Workers execute business logic outside the Conductor server. Keeping them healthy requires two things: monitoring queue and worker state, and scaling based on what the data tells you.

Monitoring task queues

Conductor tracks queue size and worker poll activity for every task type. Use this data to detect backlogs, stalled workers, and capacity issues.

Using the UI

Navigate to Home > Task Queues (or <your UI server URL>/taskQueue). For each task, the UI shows:

  • Queue Size — tasks waiting to be picked up.
  • Workers — count and instance details of workers polling this task.

Using the CLI

# List all tasks with queue info
conductor task list

# Get details for a specific task
conductor task get <TASK_NAME>

Using APIs

Get the number of tasks waiting in a queue:

curl '{{ server_host }}{{ api_prefix }}/tasks/queue/sizes?taskType=<TASK_NAME>' \
  -H 'accept: */*'

Get worker poll data (which workers are polling, last poll time):

curl '{{ server_host }}{{ api_prefix }}/tasks/queue/polldata?taskType=<TASK_NAME>' \
  -H 'accept: */*'

Note

Replace <TASK_NAME> with your task name.

Prometheus metrics

Conductor publishes metrics that feed dashboards, alerts, and autoscaling policies. All metrics include taskType as a tag so you can monitor per-task.

Queue depth (Gauge)

max(task_queue_depth{taskType="my_task"})
  • Keep queue depth stable. It doesn't need to be zero (especially for long-running tasks), but sustained growth means workers can't keep up.
  • Alert on queue depth increasing over a sustained period and use it to trigger autoscaling.
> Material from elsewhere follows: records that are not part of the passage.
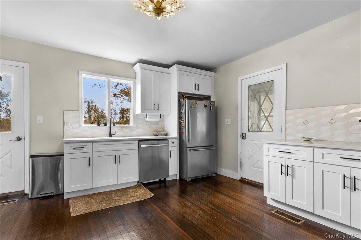 Welcome to this beautiful colonial located in the Goshen Central School District. This 2460 SF home is perfectly set on a little over 1 acre overlooking the Otter Kill Creek. You will fall in love with this home as soon as you enter with its warm feeling and rustic charm. On the first floor you will find the spacious living room , family room, huge bright formal dining room and large windows that flow seamlessly into the gorgeous kitchen with stunning cabinetry and countertops, hardwood floors and stainless steel appliances. In addition the first floor offers the convenience of a half bathroom. Continue to the second floor you will find the spacious owners suite along with 3 additional bedrooms. There is a full walk up unfinished attic that is ideal for additional storage or for increased livable space. For the car enthusiast, contractor, handyman or art collector you can enjoy an oversized detached garage . Updates include roof, heat, AC, kitchen, bathrooms, hardwood floors, electric and septic system. Enjoy the private rear porch and yard complete with a firepit area overlooking the flowing creek . Enjoy kayaking right out your back yard. Commuters will love the location just minutes from the Metro-North train station, making traveling to NYC very convenient. Just minutes from all major NYC commuting channels, award winning restaurants, wineries, farm stands and the areas best shopping. Seller says sell !!!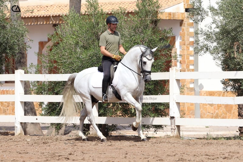 Karnaval de Vademar is a beauty gray stallion born in 2014, with a very good conformation. His character is super docile and trusting with people, making handling him easy. He has a good dressage base, and good skills to continue improving. Karnaval is the son of Fer Soñador, in his bloodline we can find important exemplars such as Mañoso II and Pampero V. His dam is Estrella JV, daughter of Envoy VIII and Gelida III.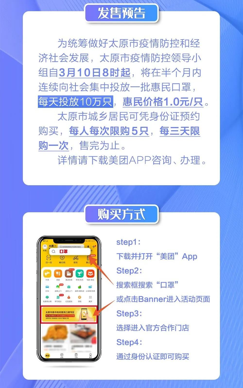 今日起,太原市民每天上午8时可登录美团APP订购口罩,每位市民3日内可购买一份,一份包含口罩5个,当日限额售完系统将自动关闭。领取方式包括美团免费配送和药店自取两种。
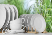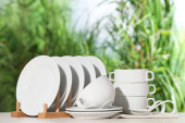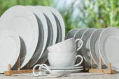 Zestaw czystych naczyń na białym stole na rozmytym tle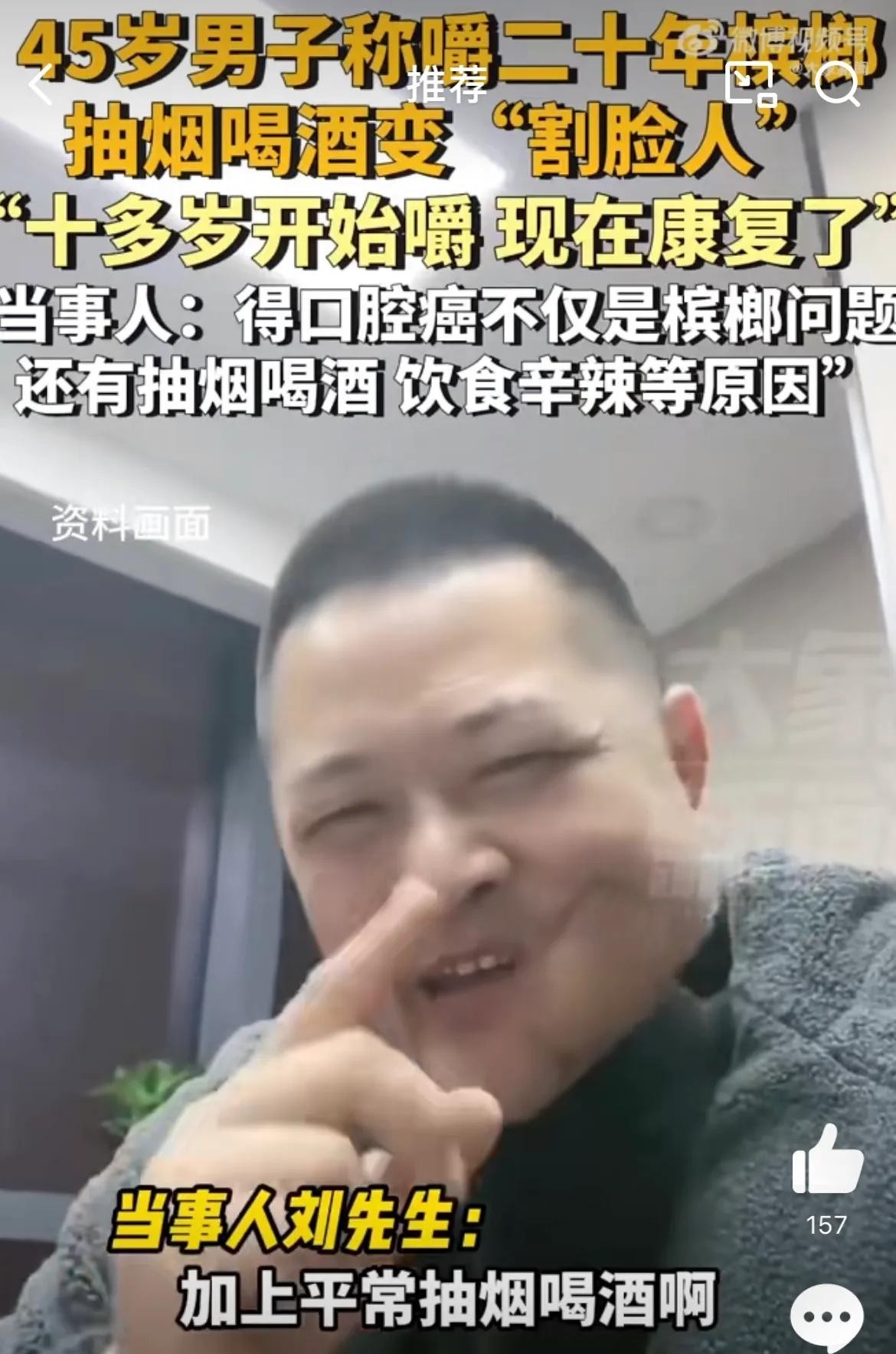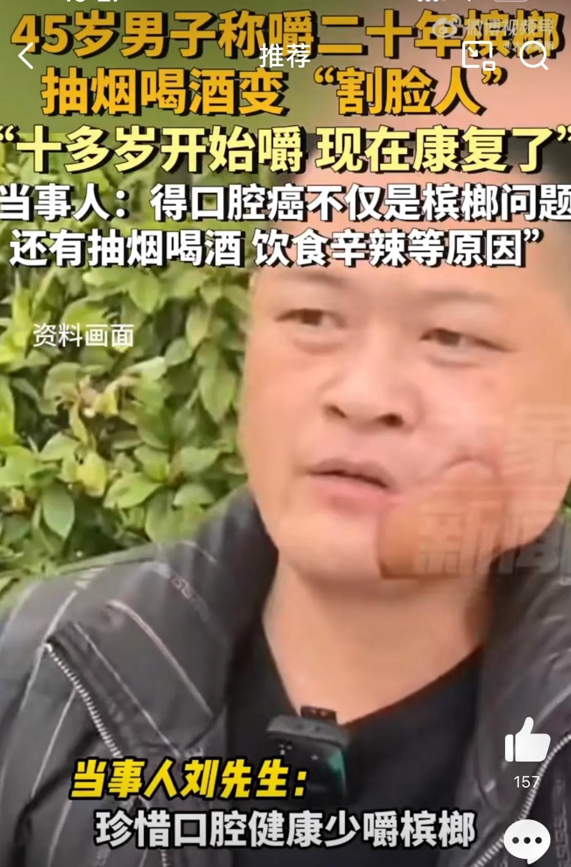 在社交媒体上,网友们的评论也十分热烈。他们纷纷表示了对刘先生经历的同情和理解。同时,他们也分享了自己对槟榔的看法和经验,引发了关于如何正确对待和戒除不良习惯的讨论。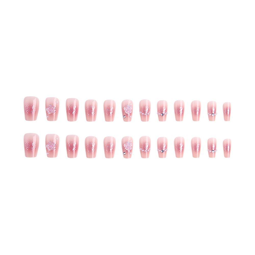 24pcs Medium Length Gentle Fake Nail Detachable Press on Nails Fashion French Style Nails Girl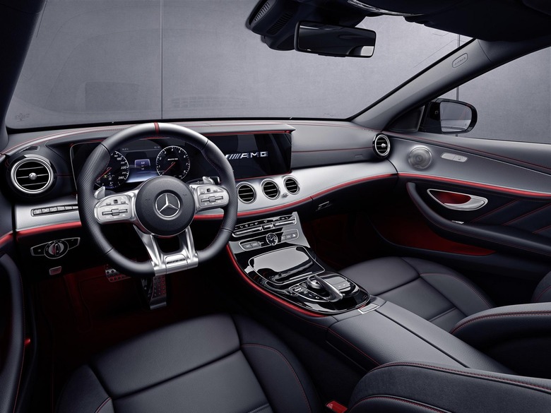 Torque, meanwhile, hits 384 lb-ft. between 1,800 and 5,800 rpm. However, courtesy of the EQ Boost starter generator, the AMG E 53 Sedan can add a further 184 lb-ft. when required. It'll also add 21 horsepower more. Top speed is now 130 mph, and the car will do 0-60 mph in an estimated 4.4 seconds.

Task completion rate (Counter)

rate(task_completed_seconds_count{taskType="my_task"}[$__rate_interval])
  • Measures throughput — tasks completed per second.
  • A sudden drop indicates workers are struggling, failing, or have stopped polling.
  • Set a minimum throughput threshold and alert when it drops below.

Queue wait time

max(task_queue_wait_time_seconds{quantile="0.99", taskType="my_task"})
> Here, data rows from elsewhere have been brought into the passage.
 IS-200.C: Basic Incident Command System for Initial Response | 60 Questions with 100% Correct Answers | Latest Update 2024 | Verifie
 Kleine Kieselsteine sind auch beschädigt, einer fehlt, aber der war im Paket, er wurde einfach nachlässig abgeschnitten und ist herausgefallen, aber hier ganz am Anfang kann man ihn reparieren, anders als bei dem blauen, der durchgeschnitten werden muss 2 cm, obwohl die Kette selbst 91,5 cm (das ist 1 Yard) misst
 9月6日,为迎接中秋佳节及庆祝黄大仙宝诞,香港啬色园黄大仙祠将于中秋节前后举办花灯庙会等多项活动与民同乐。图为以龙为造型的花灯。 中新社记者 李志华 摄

How long tasks sit in the queue before a worker picks them up. If this is more than a few seconds:

  1. Check worker count — if all workers are busy, add more instances.
  2. Check polling interval — reduce it if workers aren't polling frequently enough.

Warning

Reducing the polling interval increases API requests to the server. Balance responsiveness against server load.

Scaling strategies

When to scale

Signal Action
Queue depth growing steadily Add worker instances
Queue wait time > 5s at p99 Add worker instances or reduce polling interval
Throughput dropping while queue grows Investigate worker health (CPU, memory, downstream dependencies)
Queue consistently empty, workers idle Scale down to save resources

Horizontal scaling

Add more worker instances. Conductor distributes tasks automatically — every worker polling the same task type competes for work from the same queue. No configuration changes needed on the Conductor server.

Polling interval tuning

The polling interval controls how frequently workers check for new tasks. Shorter intervals mean lower latency but higher server load.
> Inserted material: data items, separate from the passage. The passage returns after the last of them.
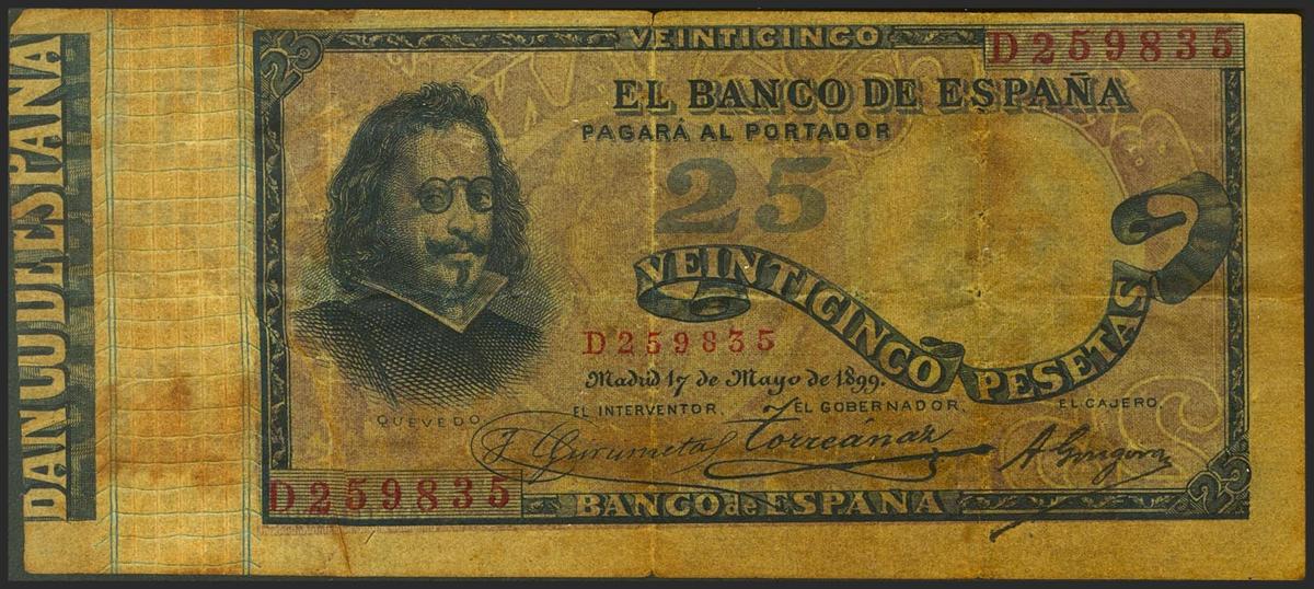 25 pesetas. May 17, 1899. Series D. (Edifil 2021: 306). Rare, heavily aged paper. Almost Fine.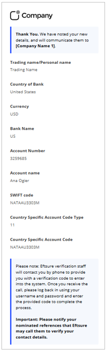 - The supplier enters the bank account details.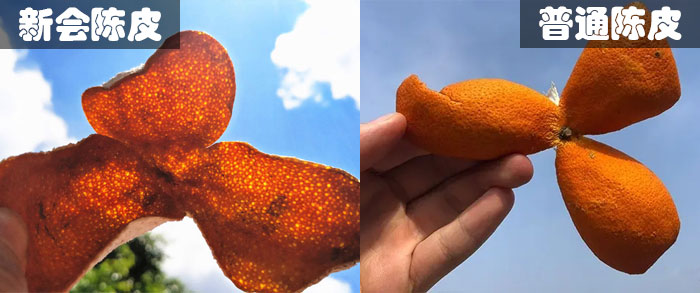 并不是所有的陈皮都叫新会陈皮!只有在新会生长的茶枝柑的皮制作的陈皮才能叫做新会陈皮,就算把茶枝柑移栽到别的地区,也只能做普通陈皮,这与新会地区的气候、水肥条件有关。新会陈皮三瓣相连、皮薄、香味足、油胞大且油点分布密集,富含营养物质高达24种。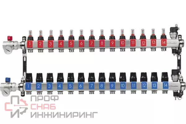 Коллекторный блок OKSELER из нержавеющей стали с расходомерами и автоматическими воздухоотводчиками. Предназначен для систем водяного отопления и теплых полов. Обеспечивает точное распределение теплоносителя по контурам, контроль расхода и температуры. Изготовлен из нержавеющей стали AISI 304 для долговечной работы в системах отопления.

Scenario Recommended interval
Latency-sensitive tasks 100–500ms
Standard processing 1–5s
Batch / background work 5–30s

Thread pool sizing

Each worker instance can run multiple polling threads. A good starting point:

threads = (task_throughput × avg_task_duration) / num_worker_instances

For I/O-bound tasks (HTTP calls, database queries), use more threads than CPU cores. For CPU-bound tasks, match thread count to available cores.

Rate limiting

If downstream services have rate limits, configure task-level rate limits to prevent workers from overwhelming them:

{
  "name": "call_external_api",
  "rateLimitPerFrequency": 100,
  "rateLimitFrequencyInSeconds": 60
}

This limits the task to 100 executions per 60-second window across all workers.

Domain isolation

Use task-to-domain to route tasks to specific worker pools. This prevents noisy neighbors — a high-volume workflow won't starve workers serving a latency-sensitive one.